(Items from a data source)
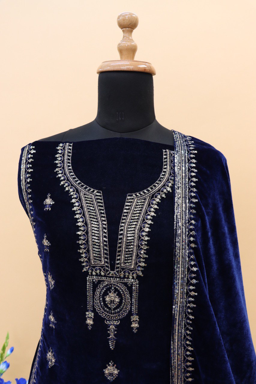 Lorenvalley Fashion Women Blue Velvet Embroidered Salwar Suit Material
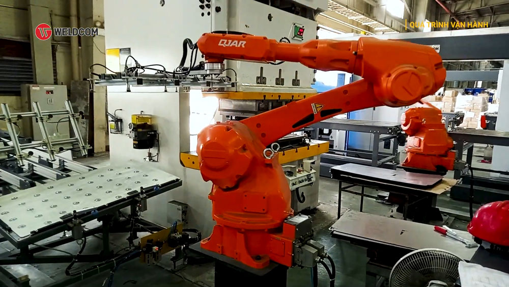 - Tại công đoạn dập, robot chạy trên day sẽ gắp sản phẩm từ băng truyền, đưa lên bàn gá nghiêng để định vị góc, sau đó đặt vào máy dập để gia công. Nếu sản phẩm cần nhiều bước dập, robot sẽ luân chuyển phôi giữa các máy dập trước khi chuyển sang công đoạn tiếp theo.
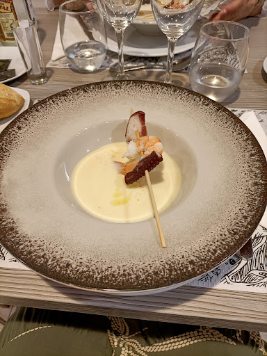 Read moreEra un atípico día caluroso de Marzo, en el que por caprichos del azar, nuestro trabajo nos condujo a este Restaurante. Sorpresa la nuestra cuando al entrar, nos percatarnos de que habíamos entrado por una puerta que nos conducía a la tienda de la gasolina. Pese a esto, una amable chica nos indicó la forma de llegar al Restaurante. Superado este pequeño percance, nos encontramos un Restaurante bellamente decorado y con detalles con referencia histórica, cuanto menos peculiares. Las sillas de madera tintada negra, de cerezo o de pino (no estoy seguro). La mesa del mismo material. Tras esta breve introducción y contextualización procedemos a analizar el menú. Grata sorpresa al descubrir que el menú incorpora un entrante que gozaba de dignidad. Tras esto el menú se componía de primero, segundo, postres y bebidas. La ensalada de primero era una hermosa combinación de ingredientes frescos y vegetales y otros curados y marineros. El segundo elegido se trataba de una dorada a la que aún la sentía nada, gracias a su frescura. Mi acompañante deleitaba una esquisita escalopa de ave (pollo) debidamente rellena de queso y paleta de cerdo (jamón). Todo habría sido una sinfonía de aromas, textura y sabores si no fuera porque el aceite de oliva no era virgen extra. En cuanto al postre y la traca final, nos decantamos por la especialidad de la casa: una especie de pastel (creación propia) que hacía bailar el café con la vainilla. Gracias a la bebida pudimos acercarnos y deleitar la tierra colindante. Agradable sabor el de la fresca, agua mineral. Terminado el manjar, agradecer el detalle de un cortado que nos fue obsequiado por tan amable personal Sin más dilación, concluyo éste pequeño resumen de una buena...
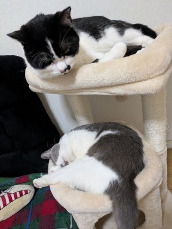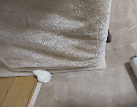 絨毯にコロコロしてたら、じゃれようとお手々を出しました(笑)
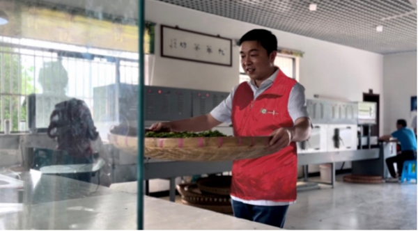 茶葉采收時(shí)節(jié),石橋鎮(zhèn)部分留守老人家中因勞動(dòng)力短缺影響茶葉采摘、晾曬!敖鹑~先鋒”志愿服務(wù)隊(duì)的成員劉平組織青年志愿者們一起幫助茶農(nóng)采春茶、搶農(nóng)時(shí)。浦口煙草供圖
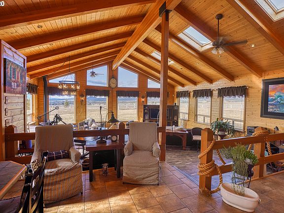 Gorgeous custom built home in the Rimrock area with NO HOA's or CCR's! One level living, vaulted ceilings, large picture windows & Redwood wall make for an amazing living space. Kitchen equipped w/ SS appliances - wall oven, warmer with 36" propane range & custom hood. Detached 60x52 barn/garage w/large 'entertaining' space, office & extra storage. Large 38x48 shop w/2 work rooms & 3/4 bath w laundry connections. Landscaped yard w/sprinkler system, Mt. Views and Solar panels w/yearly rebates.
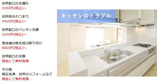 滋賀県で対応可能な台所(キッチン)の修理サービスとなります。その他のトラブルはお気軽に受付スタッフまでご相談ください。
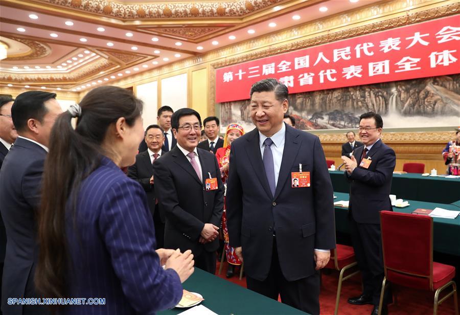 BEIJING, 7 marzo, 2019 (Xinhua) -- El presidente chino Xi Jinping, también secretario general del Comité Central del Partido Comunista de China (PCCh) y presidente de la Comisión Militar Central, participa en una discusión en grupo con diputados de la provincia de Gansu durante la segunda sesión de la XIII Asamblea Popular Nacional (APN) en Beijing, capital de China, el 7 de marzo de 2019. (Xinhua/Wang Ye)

(Activity): Excluding the images, return each record above precisely as written.

(Reply to the task):
 Lorenvalley Fashion Women Blue Velvet Embroidered Salwar Suit Material
 - Tại công đoạn dập, robot chạy trên day sẽ gắp sản phẩm từ băng truyền, đưa lên bàn gá nghiêng để định vị góc, sau đó đặt vào máy dập để gia công. Nếu sản phẩm cần nhiều bước dập, robot sẽ luân chuyển phôi giữa các máy dập trước khi chuyển sang công đoạn tiếp theo.
 Read moreEra un atípico día caluroso de Marzo, en el que por caprichos del azar, nuestro trabajo nos condujo a este Restaurante. Sorpresa la nuestra cuando al entrar, nos percatarnos de que habíamos entrado por una puerta que nos conducía a la tienda de la gasolina. Pese a esto, una amable chica nos indicó la forma de llegar al Restaurante. Superado este pequeño percance, nos encontramos un Restaurante bellamente decorado y con detalles con referencia histórica, cuanto menos peculiares. Las sillas de madera tintada negra, de cerezo o de pino (no estoy seguro). La mesa del mismo material. Tras esta breve introducción y contextualización procedemos a analizar el menú. Grata sorpresa al descubrir que el menú incorpora un entrante que gozaba de dignidad. Tras esto el menú se componía de primero, segundo, postres y bebidas. La ensalada de primero era una hermosa combinación de ingredientes frescos y vegetales y otros curados y marineros. El segundo elegido se trataba de una dorada a la que aún la sentía nada, gracias a su frescura. Mi acompañante deleitaba una esquisita escalopa de ave (pollo) debidamente rellena de queso y paleta de cerdo (jamón). Todo habría sido una sinfonía de aromas, textura y sabores si no fuera porque el aceite de oliva no era virgen extra. En cuanto al postre y la traca final, nos decantamos por la especialidad de la casa: una especie de pastel (creación propia) que hacía bailar el café con la vainilla. Gracias a la bebida pudimos acercarnos y deleitar la tierra colindante. Agradable sabor el de la fresca, agua mineral. Terminado el manjar, agradecer el detalle de un cortado que nos fue obsequiado por tan amable personal Sin más dilación, concluyo éste pequeño resumen de una buena...
 絨毯にコロコロしてたら、じゃれようとお手々を出しました(笑)
 茶葉采收時(shí)節(jié),石橋鎮(zhèn)部分留守老人家中因勞動(dòng)力短缺影響茶葉采摘、晾曬!敖鹑~先鋒”志愿服務(wù)隊(duì)的成員劉平組織青年志愿者們一起幫助茶農(nóng)采春茶、搶農(nóng)時(shí)。浦口煙草供圖
 Gorgeous custom built home in the Rimrock area with NO HOA's or CCR's! One level living, vaulted ceilings, large picture windows & Redwood wall make for an amazing living space. Kitchen equipped w/ SS appliances - wall oven, warmer with 36" propane range & custom hood. Detached 60x52 barn/garage w/large 'entertaining' space, office & extra storage. Large 38x48 shop w/2 work rooms & 3/4 bath w laundry connections. Landscaped yard w/sprinkler system, Mt. Views and Solar panels w/yearly rebates.
 滋賀県で対応可能な台所(キッチン)の修理サービスとなります。その他のトラブルはお気軽に受付スタッフまでご相談ください。
 BEIJING, 7 marzo, 2019 (Xinhua) -- El presidente chino Xi Jinping, también secretario general del Comité Central del Partido Comunista de China (PCCh) y presidente de la Comisión Militar Central, participa en una discusión en grupo con diputados de la provincia de Gansu durante la segunda sesión de la XIII Asamblea Popular Nacional (APN) en Beijing, capital de China, el 7 de marzo de 2019. (Xinhua/Wang Ye)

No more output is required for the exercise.